#### WORK ITEM:
The copy you give must match the lines from the top of the data through the line containing "本次培訓(xùn)特別邀請(qǐng)了" exactly, and it must hold no pictures.

#### INFORMATION PROVIDED:
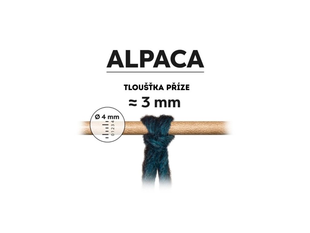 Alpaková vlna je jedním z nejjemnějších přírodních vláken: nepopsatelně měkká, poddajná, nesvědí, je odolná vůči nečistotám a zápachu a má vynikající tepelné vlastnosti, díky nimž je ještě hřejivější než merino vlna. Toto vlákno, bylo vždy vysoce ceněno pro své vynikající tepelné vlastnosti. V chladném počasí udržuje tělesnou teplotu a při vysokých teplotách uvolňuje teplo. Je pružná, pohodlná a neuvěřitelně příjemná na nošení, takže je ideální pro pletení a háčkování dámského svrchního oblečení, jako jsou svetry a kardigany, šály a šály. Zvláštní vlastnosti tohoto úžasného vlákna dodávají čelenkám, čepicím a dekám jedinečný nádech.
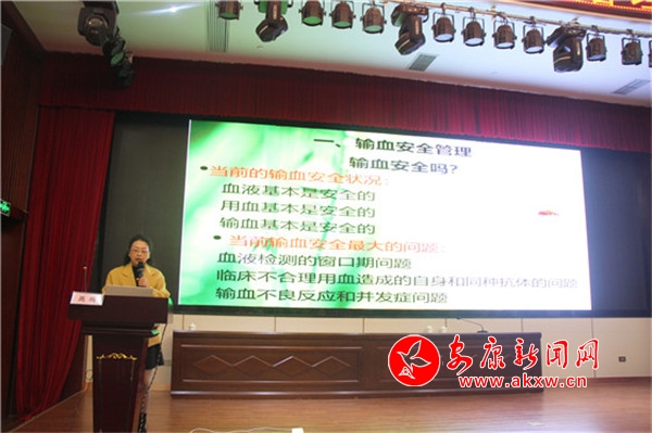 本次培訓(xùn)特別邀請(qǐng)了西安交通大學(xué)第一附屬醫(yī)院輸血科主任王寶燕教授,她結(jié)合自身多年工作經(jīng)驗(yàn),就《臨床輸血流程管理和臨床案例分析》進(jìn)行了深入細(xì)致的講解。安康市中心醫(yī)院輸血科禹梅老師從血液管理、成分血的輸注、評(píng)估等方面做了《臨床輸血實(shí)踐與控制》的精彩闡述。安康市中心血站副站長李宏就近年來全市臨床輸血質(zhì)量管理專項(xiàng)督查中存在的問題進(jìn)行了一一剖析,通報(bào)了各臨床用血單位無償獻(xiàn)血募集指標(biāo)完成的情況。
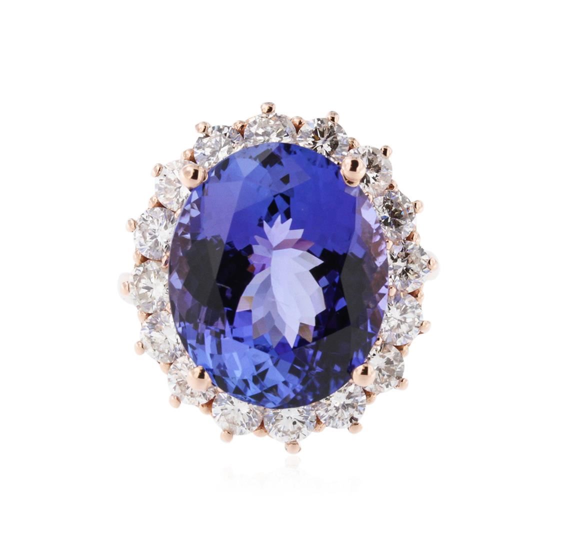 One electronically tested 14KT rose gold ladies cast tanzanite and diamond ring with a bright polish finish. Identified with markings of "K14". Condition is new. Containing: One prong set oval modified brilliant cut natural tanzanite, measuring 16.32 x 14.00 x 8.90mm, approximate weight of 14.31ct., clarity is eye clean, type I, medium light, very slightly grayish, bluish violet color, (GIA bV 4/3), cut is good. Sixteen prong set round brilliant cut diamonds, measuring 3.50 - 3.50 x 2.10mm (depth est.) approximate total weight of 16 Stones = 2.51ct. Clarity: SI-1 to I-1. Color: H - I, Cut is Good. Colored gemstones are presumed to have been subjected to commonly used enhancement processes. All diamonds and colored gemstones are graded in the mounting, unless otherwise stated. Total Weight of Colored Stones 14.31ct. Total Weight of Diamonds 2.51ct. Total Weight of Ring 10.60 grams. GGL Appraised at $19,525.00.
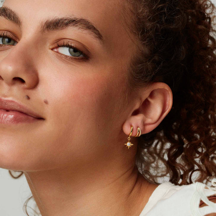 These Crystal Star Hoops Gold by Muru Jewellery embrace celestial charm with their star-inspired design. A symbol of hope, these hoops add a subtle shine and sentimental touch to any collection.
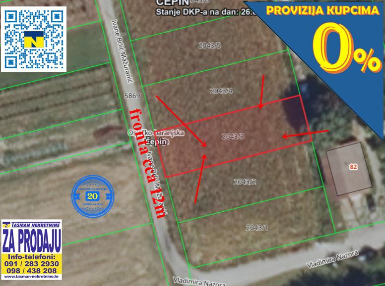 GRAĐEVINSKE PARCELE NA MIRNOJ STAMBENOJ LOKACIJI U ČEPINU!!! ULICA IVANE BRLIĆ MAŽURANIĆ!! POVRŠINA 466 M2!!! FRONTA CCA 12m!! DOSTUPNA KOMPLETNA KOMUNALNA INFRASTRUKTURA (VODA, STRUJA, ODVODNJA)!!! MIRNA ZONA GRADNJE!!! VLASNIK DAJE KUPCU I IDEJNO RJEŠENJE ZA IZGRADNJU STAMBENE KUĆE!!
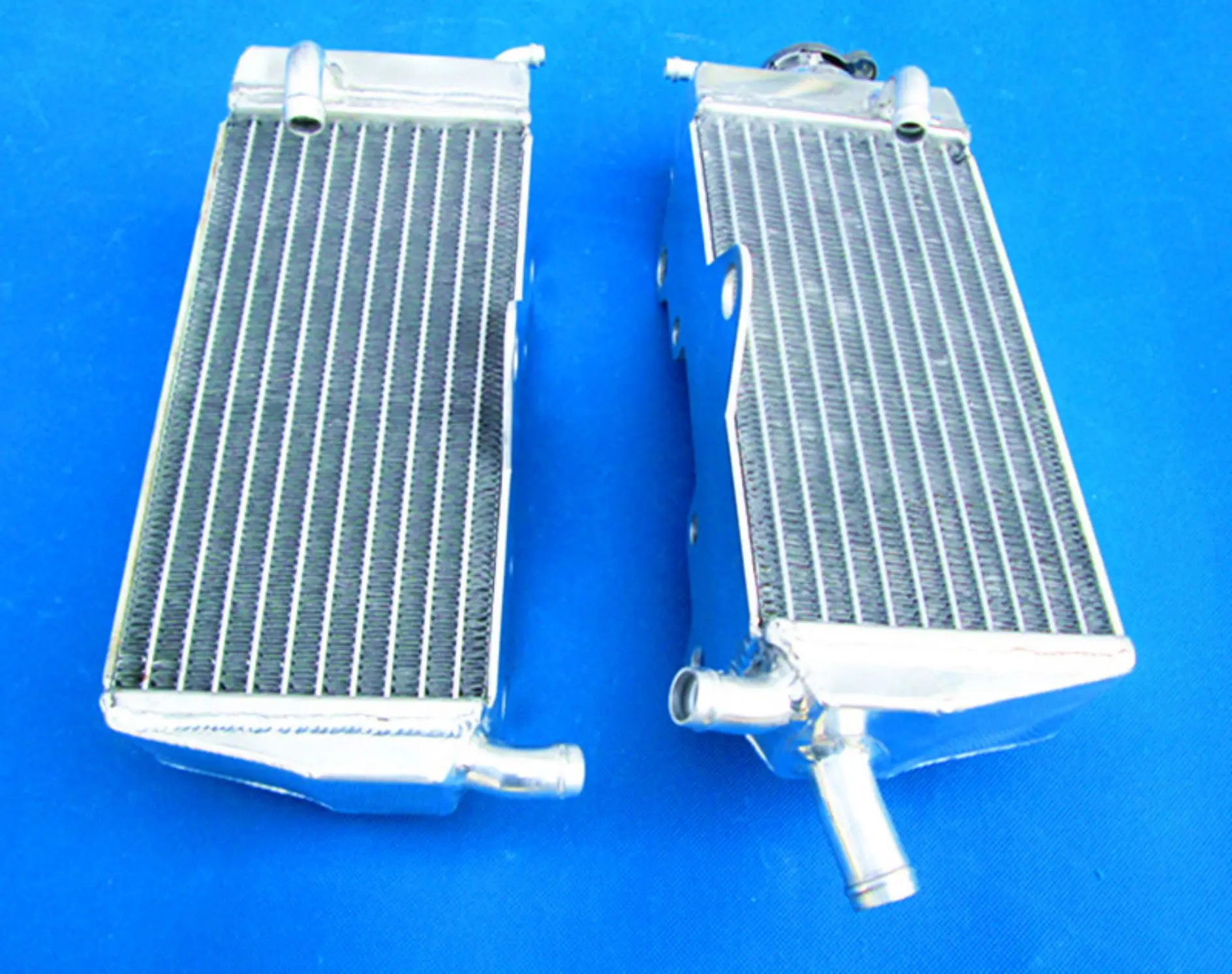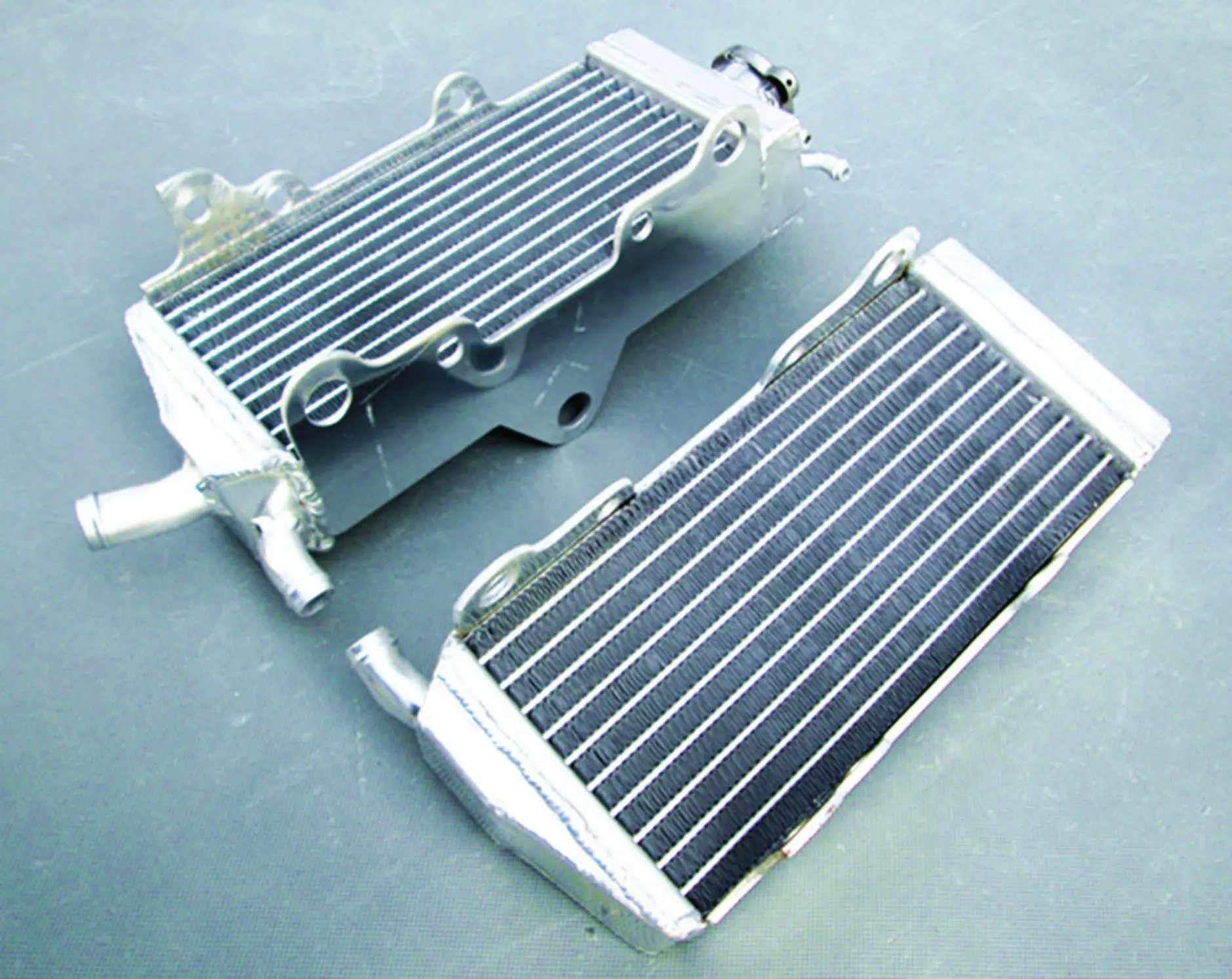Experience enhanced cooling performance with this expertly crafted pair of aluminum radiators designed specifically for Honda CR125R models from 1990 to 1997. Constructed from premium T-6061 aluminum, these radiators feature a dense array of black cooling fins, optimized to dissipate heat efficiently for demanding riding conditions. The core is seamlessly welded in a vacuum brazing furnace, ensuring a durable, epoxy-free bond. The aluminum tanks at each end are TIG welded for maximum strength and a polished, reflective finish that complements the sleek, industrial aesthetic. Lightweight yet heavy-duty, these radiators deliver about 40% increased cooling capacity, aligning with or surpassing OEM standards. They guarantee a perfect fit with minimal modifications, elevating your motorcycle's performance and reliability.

#### RESPONSE AREA:
 Alpaková vlna je jedním z nejjemnějších přírodních vláken: nepopsatelně měkká, poddajná, nesvědí, je odolná vůči nečistotám a zápachu a má vynikající tepelné vlastnosti, díky nimž je ještě hřejivější než merino vlna. Toto vlákno, bylo vždy vysoce ceněno pro své vynikající tepelné vlastnosti. V chladném počasí udržuje tělesnou teplotu a při vysokých teplotách uvolňuje teplo. Je pružná, pohodlná a neuvěřitelně příjemná na nošení, takže je ideální pro pletení a háčkování dámského svrchního oblečení, jako jsou svetry a kardigany, šály a šály. Zvláštní vlastnosti tohoto úžasného vlákna dodávají čelenkám, čepicím a dekám jedinečný nádech.
 本次培訓(xùn)特別邀請(qǐng)了西安交通大學(xué)第一附屬醫(yī)院輸血科主任王寶燕教授,她結(jié)合自身多年工作經(jīng)驗(yàn),就《臨床輸血流程管理和臨床案例分析》進(jìn)行了深入細(xì)致的講解。安康市中心醫(yī)院輸血科禹梅老師從血液管理、成分血的輸注、評(píng)估等方面做了《臨床輸血實(shí)踐與控制》的精彩闡述。安康市中心血站副站長李宏就近年來全市臨床輸血質(zhì)量管理專項(xiàng)督查中存在的問題進(jìn)行了一一剖析,通報(bào)了各臨床用血單位無償獻(xiàn)血募集指標(biāo)完成的情況。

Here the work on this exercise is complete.